Endymion may or may not look gay, but the artist repeatedly trumpets male virtues and, like Rick Barton in the 1960s, adopts the privileged vantage point of male desire. The portrait that outraged its sitter shows her as Danaë, whom Zeus raped as a shower of coins. His sitter, an actress marrying up to a banker, did not overlook the allegory. Yet she comes very close to Girodet's independent version of the same mythological theme. Cherubs spread a cloth dripping with coins above Danaë, in a ritual of at once veiling and penetration. A rooster supplies the proper male cackle.
Romanticism did not start or stop suddenly. Rather, as with most dramatic changes, it bundled past ideals into a radically new package. That meant allowing old contradictions to show, and it required changes in style to match. It kept the eighteenth-century theater and confrontations between nature and culture that would have made sense even to George Stubbs, but increasingly the artist and viewer take center stage along with the painted actors. The confrontations of Edouard Manet, Edgar Degas, and the avant-garde really do lie directly ahead.

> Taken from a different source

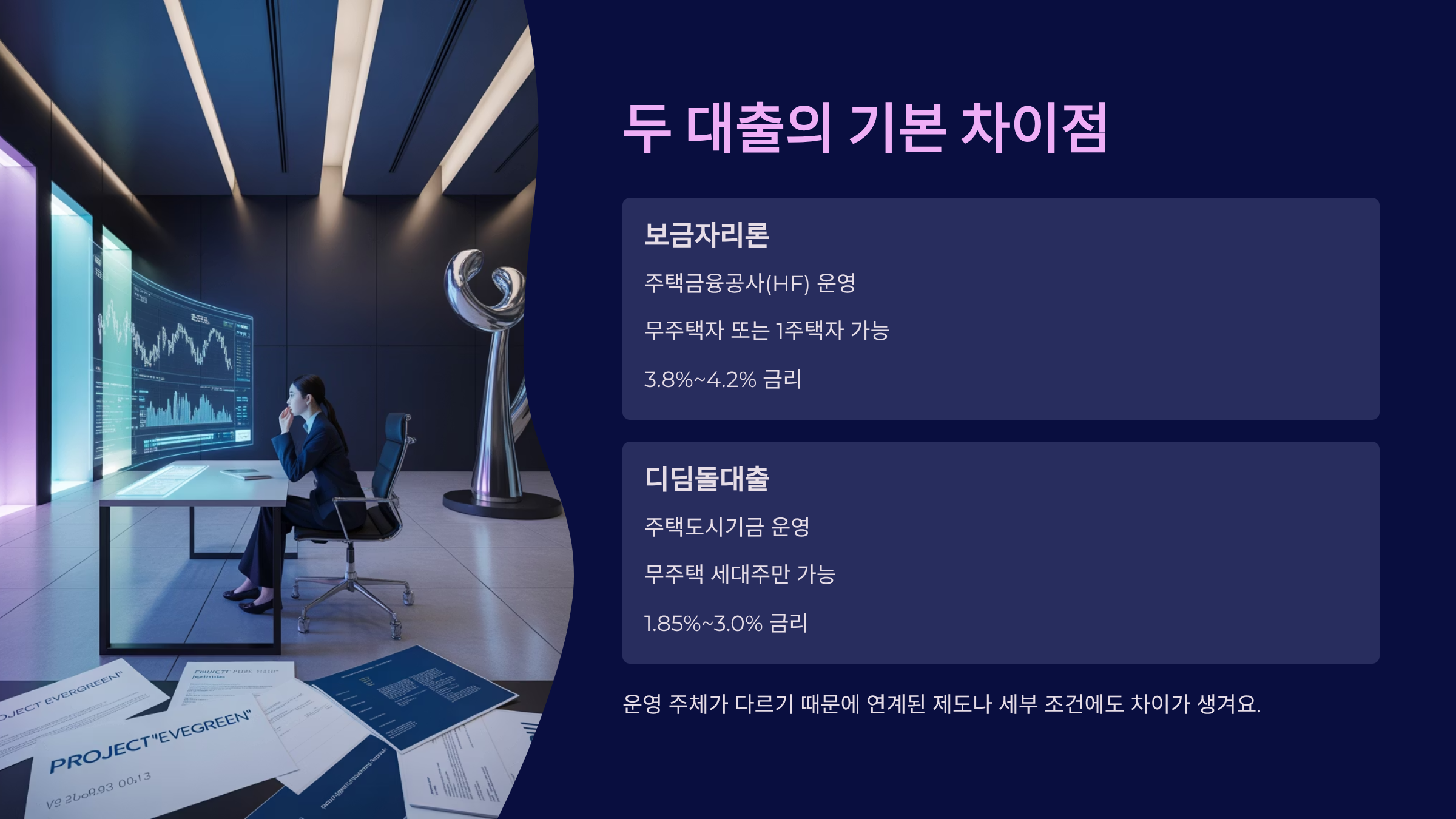 또한, 디딤돌대출은 주택도시기금에서 지원하는 반면, 보금자리론은 주택금융공사(HF)에서 취급해요. 운영 주체가 다르기 때문에 연계된 제도나 세부 조건에도 차이가 생겨요. 이 점은 뒤에서 더 자세히 설명할게요.

Girodet makes a terrific case study, and not just in marketing for the Met, which earlier promoted Théodore Chassériau as "the unknown romantic." He certainly starts a student of the Revolution. His name sounds straight out of the aristocracy, but Trioson and the hyphen actually arise from his adoptive stepfather. He remains within David's figure-driven compositions. He keeps visible brushwork to his sketches, and his range of color stays narrow, pale, and flat.
At the same time, he quickly loses interest in David's linear style. Only the portraits sustain a Neoclassical ideal, with clear drawing and Girodet's most vibrant color. His narratives ditch the clarity and symmetry of the Horatii. Bodies grow boneless, cramped, and confused, and often the central figure falls within shadow. That can allow a lighter touch than David's and an unsettling reversal of passive hero and active bystander. It can also produce the worst of both worlds—a superficial muddiness without Romanticism's triumph of color, motion, and emotional complexity.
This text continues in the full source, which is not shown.